Momentarily, his partner ducks around the corner with a poster and asks for approval. “Looks good,” he says, before asking where we were in the conversation. I quickly change the subject and ask about the beginning of his career in hospitality.
What’s most intriguing about Delany-Korabelnikova is his proclivity to land in idyllic situations, guided only by intuition and a happy-go-lucky attitude. It’s true that he never even planned on a career in hospitality – it just happened.
Delany-Korabelnikova admits that Honkytonks earned him the reputation he has today. At Honkytonks, he created Melbourne’s most iconic cocktail, Rave Juice, which gained cult status in the Melbourne nightclub scene. “It’s a drink in a bag with a glow stick in it,” he says with a grin. “It was one of those crazed inspirational ideas that seemed to work – it put my kids through college,” he laughs.
While at Honkytonks, Delany-Korabelnikova earned accolades all over the world for his design style. His highest praise came in 2006, when the bar was voted sixth in the Top 10 Clubs in the Universe, by V Magazine in New York.
After Honkytonks closed its doors in 2007, Delany-Korabelnikova set his sights on Sydney and his ethos has remained the same ever since. “I try and make places that are comfortable and enjoyable. But on top of that I try and create a story, or a feeling, or a nonsense that adds to the experience,” he says.
It’s this simple philosophy that has led to the regeneration of Sydney’s ailing pub culture – he fights to entertain in a traditional sense, without poker machines and onsite gambling.

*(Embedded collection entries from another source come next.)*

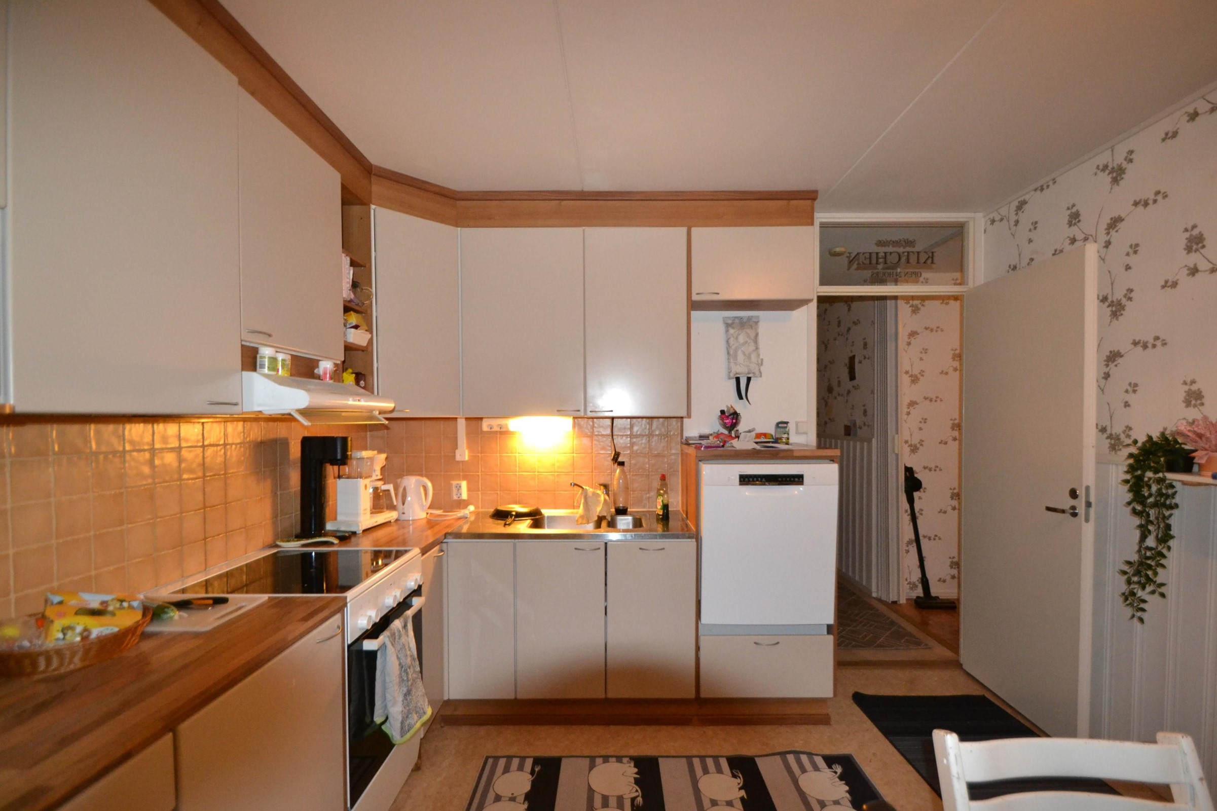 - Jääkaappipakastin, keraaminen liesi, liesituuletin, mikroaaltouuni, astianpesukone, kaapistot.
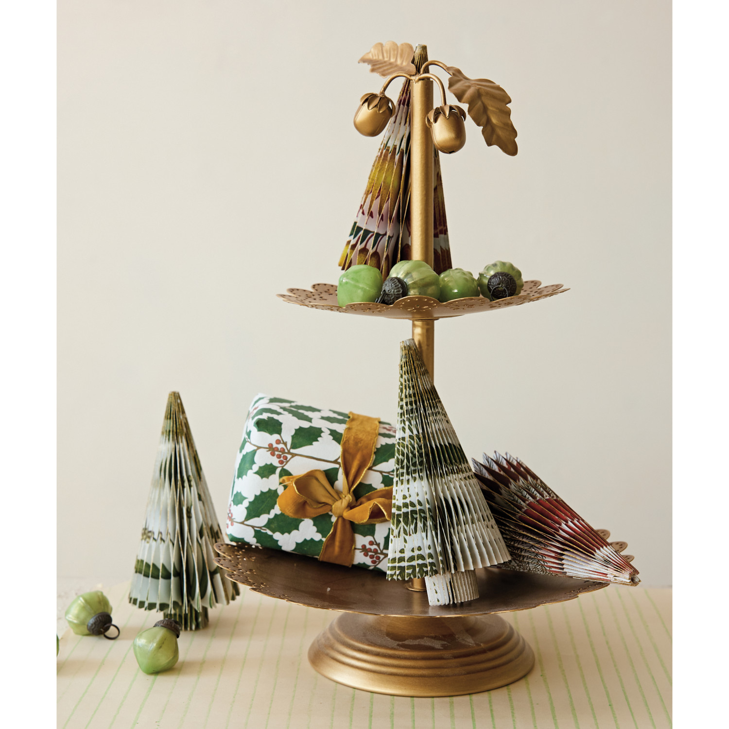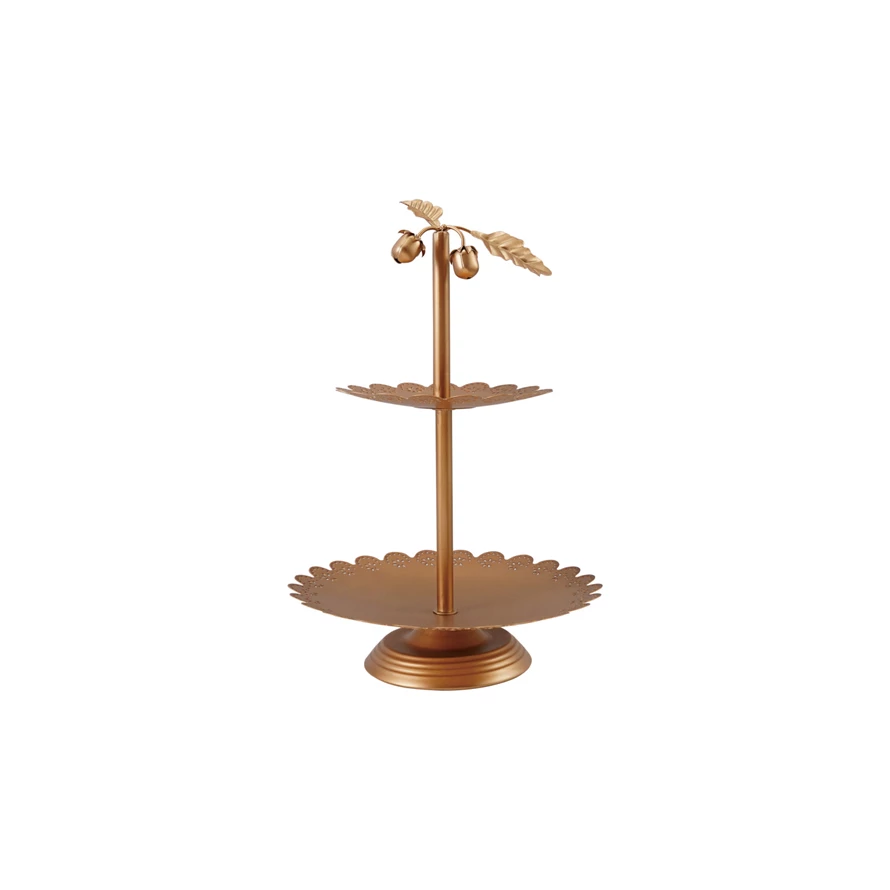 Decorative Metal Scalloped 2-Tier Tray with Acorns & Leaves, Gold Finish, KD
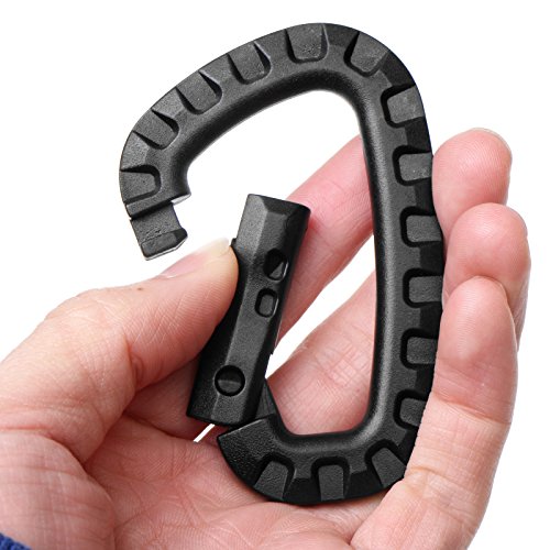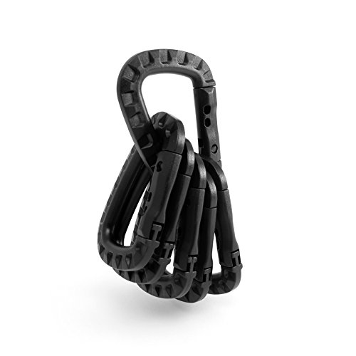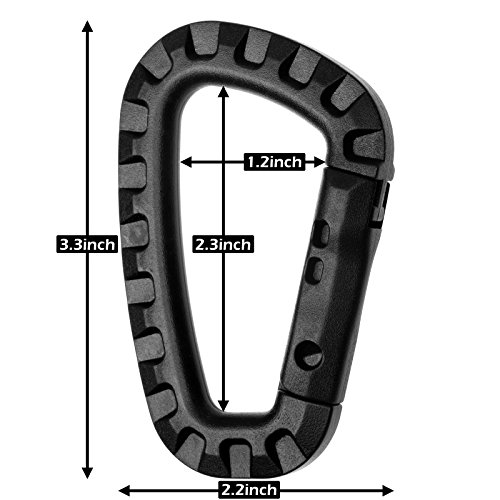 -. Feature : Package included 6 Piece of Carabiners. POM material. / Fit for lightweight application occasions(not for climbing), great for carrying items like gloves, water bottle, keys, headphone, etc / Tightly latch design for ensuring a firm bearing. / Excellent tensile strength, bending strength, wear resistance / Dimension: 3.35"x2.2''x0.37"(LxWxH)
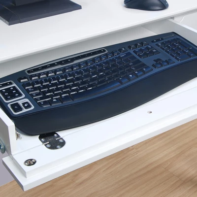 You’ll wonder how you ever got work done without this Home Office Deluxe Wood Storage Computer Desk from Saracina Home. This three-drawer desk features a drop-down keyboard tray, filing slots and a hanging file drawer. The configuration of this item makes it an excellent student desk. It looks nice in a home office, bedroom or any other room where you need a desk.
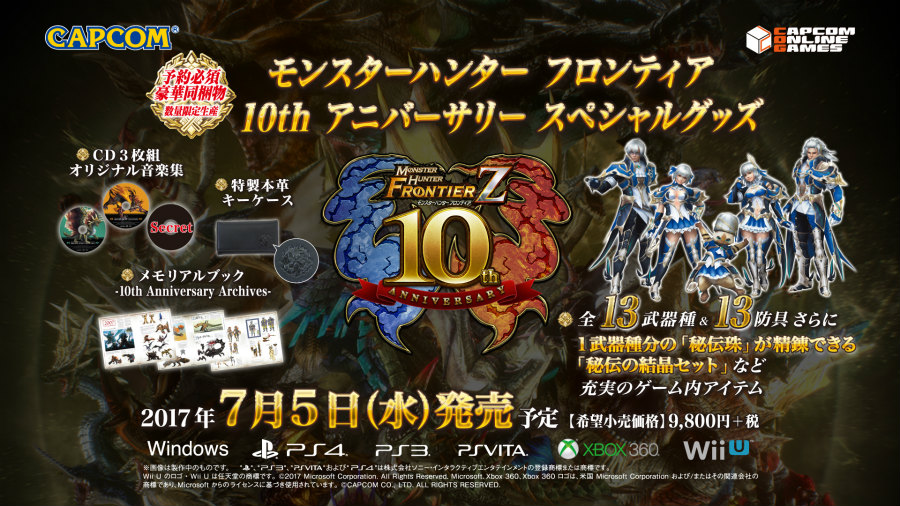 カプコンは、「モンスターハンター フロンティアZ」において、7月5日に「10周年記念大型アップデート」を実施する。
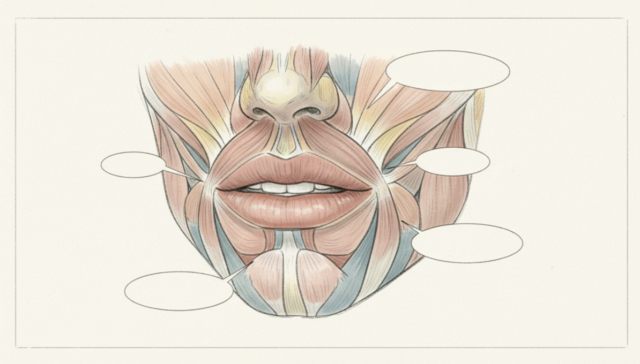 「表情筋」は顔のさまざまな箇所を動かす筋肉の総称で、皮膚のすぐ下に位置して顔全体を内部から支えています。口輪筋、頬筋、上唇挙筋、オトガイ筋など、口周りには特に重要な筋肉が集まっています。これらの筋肉が衰えることで顔全体の皮膚が下がり、ほうれい線が目立ちやすくなる傾向があります。
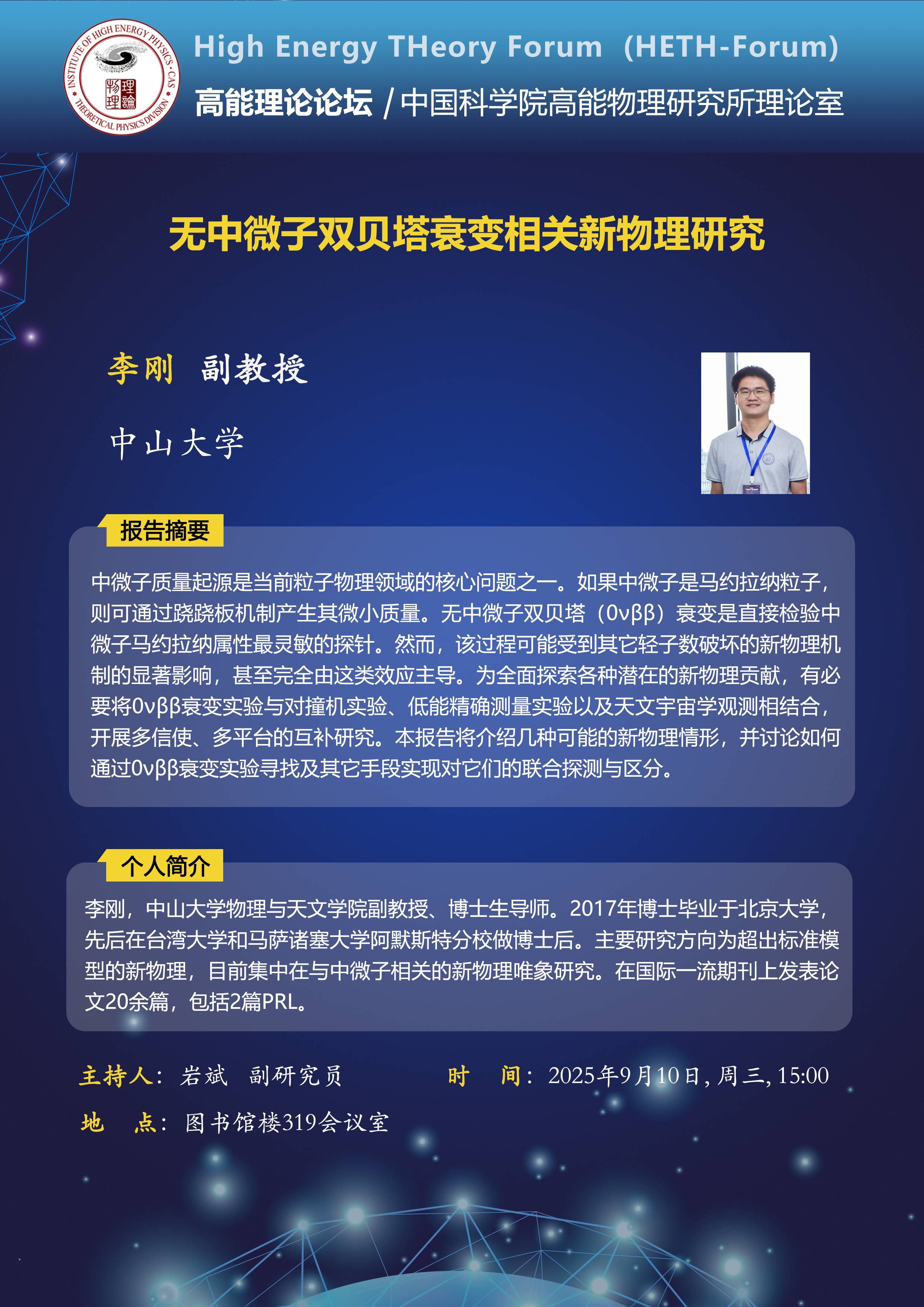 【09.10】高能理论论坛第104期--无中微子双贝塔衰变相关新物理研究
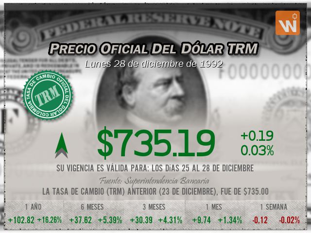 La tasa de cambio representativa del mercado (TRM) se fijó en $735.19 para el día lunes 28 de diciembre de 1992, lo que representa un aumento de $0.19 (una variación del 0.03%) frente a la TRM anterior de $735.00. Una pequeñísima diferencia de tan solo 0.19 pesos.
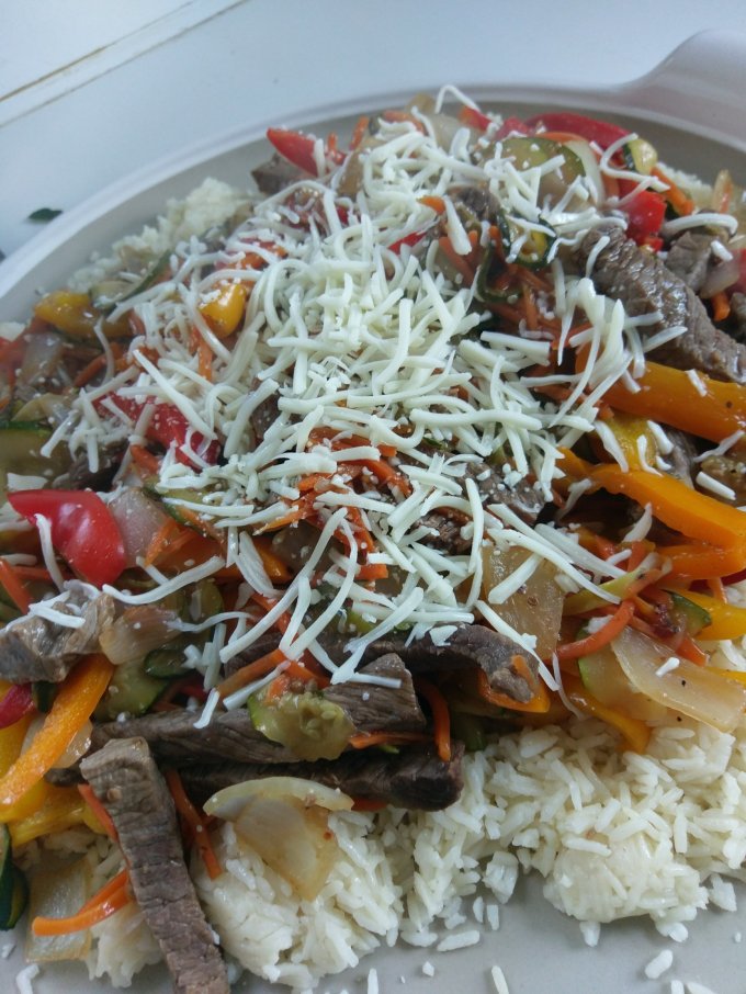 In a large saute pan or wok, heat the oil, add the marinated beef cook through about 5min on med high heat, add veggies and additional 2Tbsp of marinade cook until veggies are crisp tender. Meanwhile microwave the rice. Pour rice on to serving platter and top with beef mixture, add a sprinkle of mozzarella cheese. Serve hot! Enjoy!
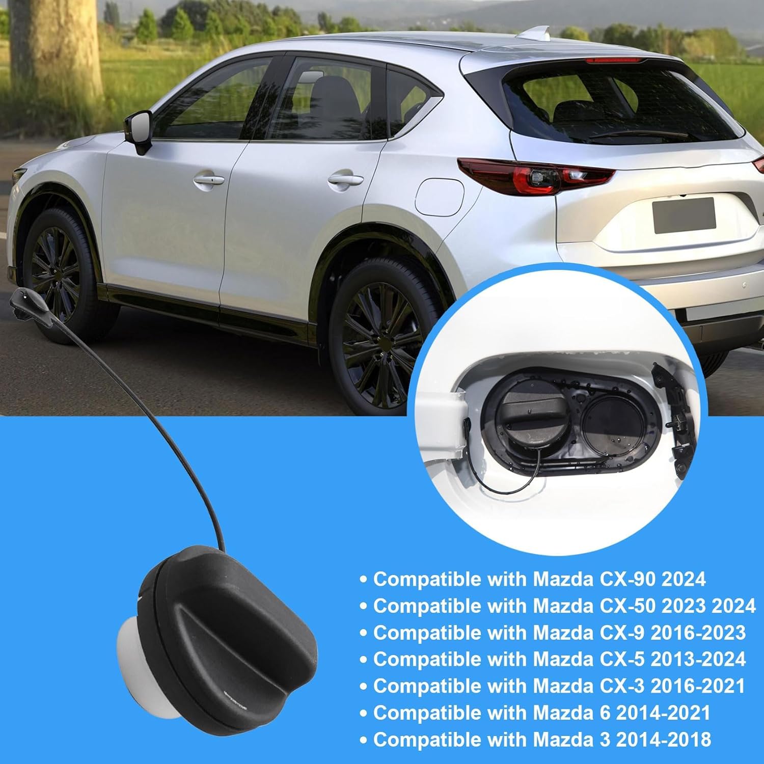 A tampa de combustível FZJDSD é a solução ideal para quem busca qualidade e compatibilidade para os modelos Mazda. Com um design meticulosamente elaborado, esta tampa é compatível com uma ampla gama de veículos, incluindo o Mazda CX-90 2024, CX-50 2023 e 2024, CX-9 de 2016 a 2023, CX-5 de 2013 a 2024, CX-3 de 2016 a 2021, Mazda 6 de 2014 a 2021 e Mazda 3 de 2014 a 2018. O número da peça KD35-42-250A e KD3542250A garante que você está adquirindo um produto que se encaixa perfeitamente no seu veículo.
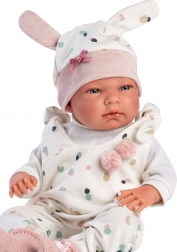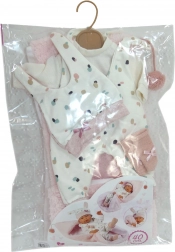 Culorile delicate și bulinele, împreună cu căciulița și botoșeii asortați, creează o ținută armonioasă pentru păpușa NEW BORN de 40–42 cm.

Remaining true to form with his new venture, Delany-Korabelnikova says that it’s increasingly difficult to put a finger on the style. “I don’t know if you’ve ever been there,” he says of Piano Room (the bar that will reopen at Santa Barbara next week) as he plays with the ashtray that sits between us, “but it’s pretty foul. It’s like a gangster's fantasy. Its got weird sculptures of leopards and stuff like that. We’re going to change it completely.
“It’s got a 3am license so we’ll have DJs and a nice drinks menu and snack-sized food.”
But the bar’s going to have some unique – typically peculiar – features of its own. To illustrate the point, Delany-Korabelnikova tells of how he and partner Doom got carried away when visiting New York recently.
“Me and Jamie have been over to New York and gotten really into these fake surfaces, like fake timber panelling and fake bricks,” he urges excitedly. “In Queens, you see all these houses on the way from the airport that are obviously weatherboard, but they are covered with giant boulders and timber,” he laughs. “It makes them look like log cabins.”
Michael Delany-Korabelnikova is also designing Bar Niece, a French grill in Circular Quay. Santa Barbara is opening in Kings Cross on November 29.